After the tempo has been obtained, the beat times can be analysed
using any suitable method. In some embodiments the input to the
beat tracking step is the estimated beat period and the accent
signal computed during the tempo estimation phase.
[0199] The operation of searching for spatial, spectral and
temporal similar comfort audio objects from a set of the candidate
comfort audio objects using a suitable distance measure for each of
the L live audio objects is shown in FIG. 11 by step 552.
[0200] In some embodiments the comfort audio objects sector 701 can
then output a first version of comfort audio objects associated
with the received live audio objects (shown as 1 to L.sub.1 comfort
audio objects).
[0201] In some embodiments the comfort audio object generator 603
comprises a comfort audio object positioner 703. The comfort audio
object positioner 703 is configured to receive the comfort audio
objects 1 to L.sub.1 generated from the comfort audio object
generator 701 with respect to each of the local audio objects and
positions the comfort audio object at the location of the
associated local audio object.

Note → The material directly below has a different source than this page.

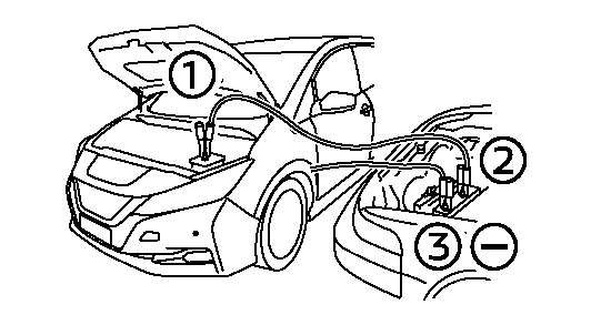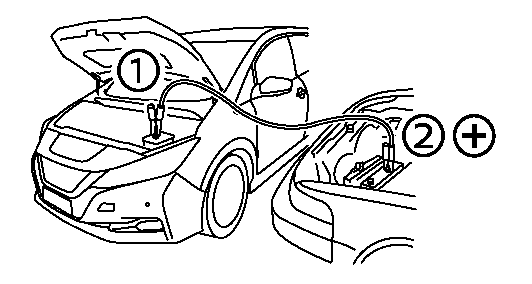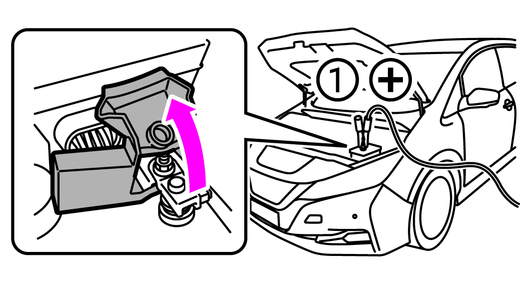 手順2のケーブルの反対側(2)を救援車の12Vバッテリーの⊕端子に接続します。
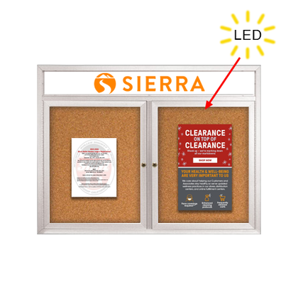 Enclosed Indoor Bulletin Boards 48 x 60 with Header & Lights (Radius Edge) (2 DOORS)

Furthermore in some embodiments the
comfort audio object positioner 703 can be configured to modify or
process the loudness (or sets the volume or power) of the comfort
audio object such that the loudness best matches the loudness of
the corresponding live audio object.
[0202] The comfort audio object position at 703 can then output the
position and comfort audio object to a comfort audio object
time/spectrum locator 705.
[0203] The operation of setting the position and/or loudness of the
comfort audio objects to best match the position and/or loudness of
the corresponding applied audio objects is shown in FIG. 11 by step
553.
[0204] In some embodiments the comfort audio object generator
comprises a comfort audio object time/spectrum locator 705. The
comfort audio object time/spectrum locator 705 can be configured to
receive the position and comfort audio object output from the
comfort audio object positioner 703 and attempt to process the
position and comfort audio object such that the temporal and/or
spectral behaviour of the selected positioned comfort audio objects
better matches the corresponding live audio object.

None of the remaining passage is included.